Chronic disease treatment accounts for more than 80% of U.S. healthcare costs. With the intent of preventing rather than treating those conditions to improve care and lower costs, the Bipartisan Policy Center has released its white paper “A Prevention Prescription for Improving Health and Health Care in America” outlining its strategies for a healthier nation.
The report identifies two ways to improve preventive care: reimbursing physicians for counseling patients on improving their health; and strengthening healthcare providers' connections to non-medical, community-based organizations.
Prevention was defined in the report as a strategy to avoid illness by keeping people healthy and “averting the progression of disease.” Such strategies could include clinical interventions like cancer screenings or vaccinations, and community-based interventions such as the YMCA's weight-management program for people described as “pre-diabetic.”
The Bipartisan Policy Center's task force, which included Dr. William Dietz with the George Washington University Milken Institute of Public Health, and Dr. Matt Longjohn, national health officer for YMCA of the USA, came up with the prevention plan, which also involves building the evidence base for prevention.
The BPC panel recommended public health research, funded by the Centers for Disease Control and Prevention or the National Institutes of Health, to conduct an economic analysis of the interventions being studied, and for public health journals to push for economic analysis in the prevention-strategy studies they publish.
The task force also called for the Center for Medicare and Medicaid Innovation to invest in an accountable health community, or AHC model that would create a population-health framework on top of the existing healthcare delivery infrastructure. It also recommended that the CMS develop mechanisms for addressing the “wrong pocket” issue where recipients receive downstream benefits and savings created by someone else's investment in prevention and wellness efforts.

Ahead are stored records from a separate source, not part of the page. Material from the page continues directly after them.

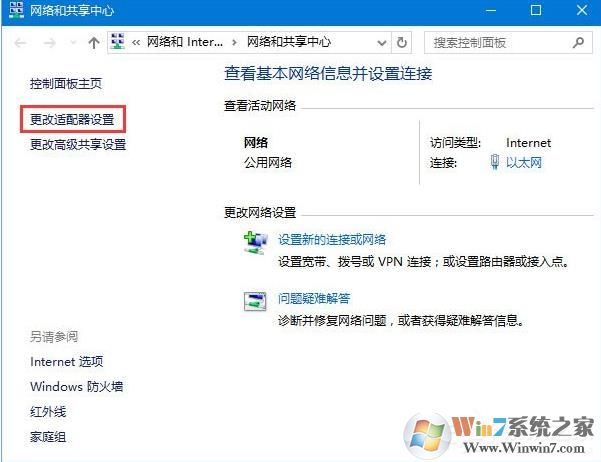 2、左上側(cè)找到點擊【更改適配器設(shè)置】 ,如圖:
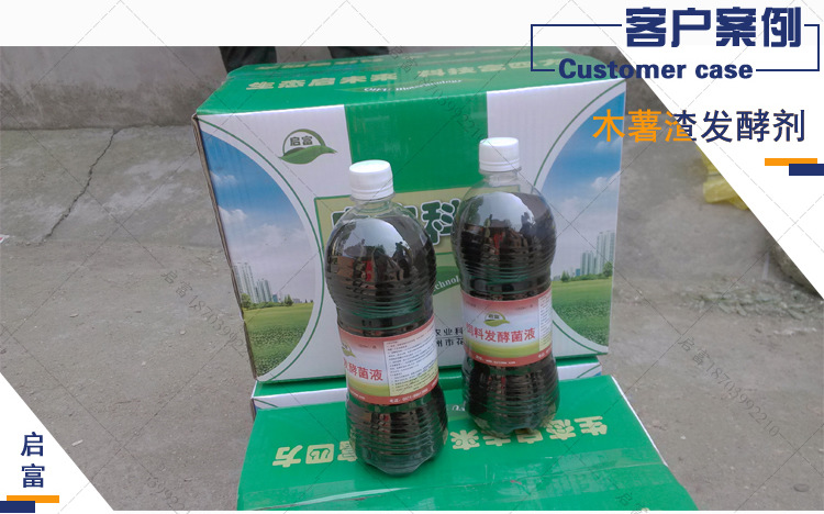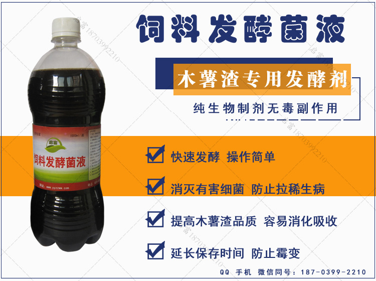 启富饲料发酵菌液---木薯渣专用发酵剂产品介绍: 规格:1公斤/瓶 12瓶/箱 成分:本产品由放线菌、乳酸菌、芽孢杆菌、光合菌、酵母菌等单一菌种经特殊工艺研制而成的高效复合微生物菌。纯微生物制剂,安全放心,对动物没有任何副作用。 含菌量:500亿/克 保质期:18个月 生产厂家:郑州启富农业科技有限公司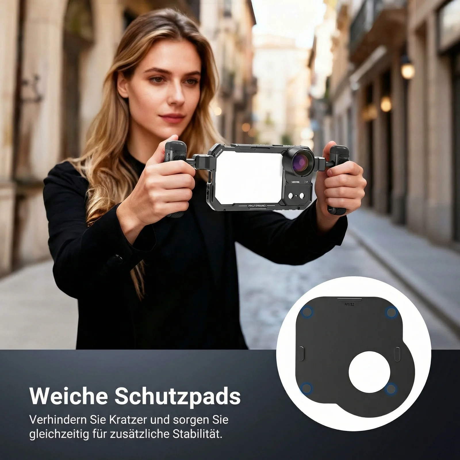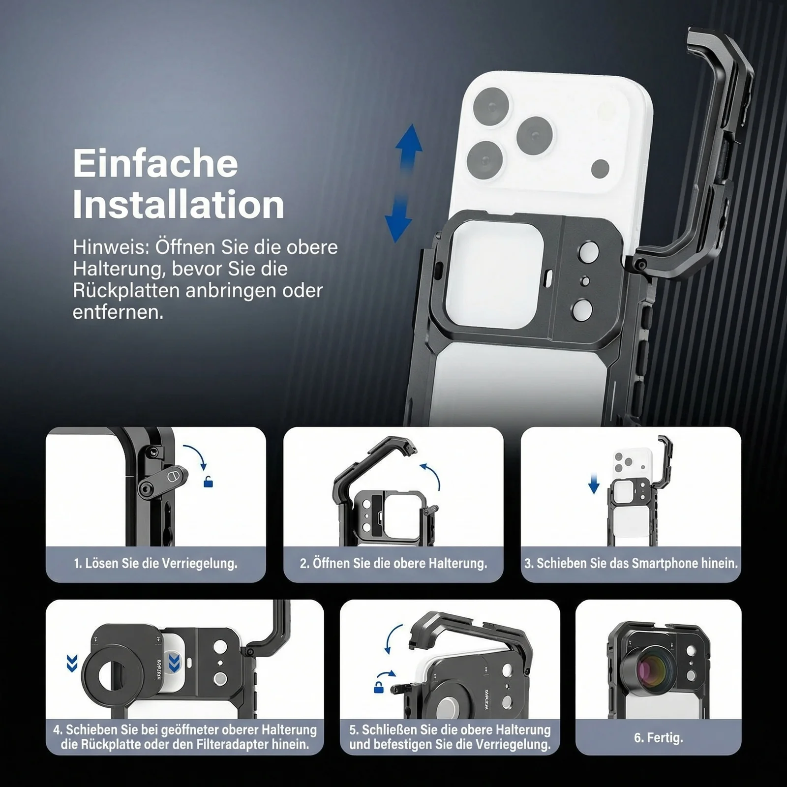 • 【Schnell Schiebe Befestigung】 Schieben Sie sie einfach auf die Phone Cage, bis sie einrastet – ganz ohne Werkzeug. Hinweis: Bitte öffnen Sie vor der Installation die obere Halterung des Käfigs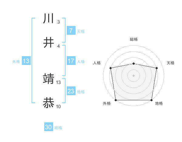川井 靖恭さんを姓名の画数から五運を鑑定

The Robert Wood Johnson Foundation concept of a “Culture of Health” was a principle the task force embraced. This concept was described in the BPC report as one in which an entire population attains the best health possible and in which “all sectors of society, value good health and work together to build healthy communities and lifestyles; and in which everyone, regardless of economic, social, or geographic differences has access to community environments that promote health and wellness, and to high-quality, efficient, and affordable healthcare.”
Integrating prevention into healthcare delivery will require reforms that incentivize health promotion over disease treatment and develop financial incentives and policy changes that are self-sustaining and have a long-term focus, the BPC said in its report.
“The ability to identify effective prevention strategies and measure their impact is obviously critical,” the task force stated in the report. “Both to ensure that scarce resources are deployed to deliver optimal results and to convince public and private decision-makers, from state comptrollers to CEOs to mayors and federal legislators, that upfront investments in prevention pay off in ways that they value, either in terms of improved health outcomes, lower costs, or both.”
The report cited an asthma program initiated by the Nemours Children's Health System in Delaware in which parents were taught how to manage their children's asthma by replacing mattresses, curtains and carpets that contributed to asthma attacks, and how to work with schools to improve the environment outside of their homes.
Successful statewide prevention initiatives cited in the report included Oregon's Medicaid reform effort and Vermont's promotion of the patient-centered medical home, which it said has generated a 15.8% return on investment among patients with commercial health insurance and an 8.2% ROI among the state's Medicaid population.
While the report did not predict how much savings the BPC's strategy could generate, it cited how an accountable care organization in Hennepin County, Minn., reduced average per-patient costs by 30%, and how the YMCA program for pre-diabetics, conducted in partnership with the American Medical Association could produce savings of $1.3 billion over 10 years.
The BPC intends to take its plan before “targeted stakeholders and decision-makers” over the next 12 months to advance its recommendations.
“Galvanizing a national effort to prevent chronic disease is imperative,” BPC's Senior Adviser and former Senate Majority Leader Dr. Bill Frist said in a news release (PDF). “These recommendations will help develop new financing mechanisms and integrated programs and services that will shift America's healthcare system toward disease prevention and wellness.”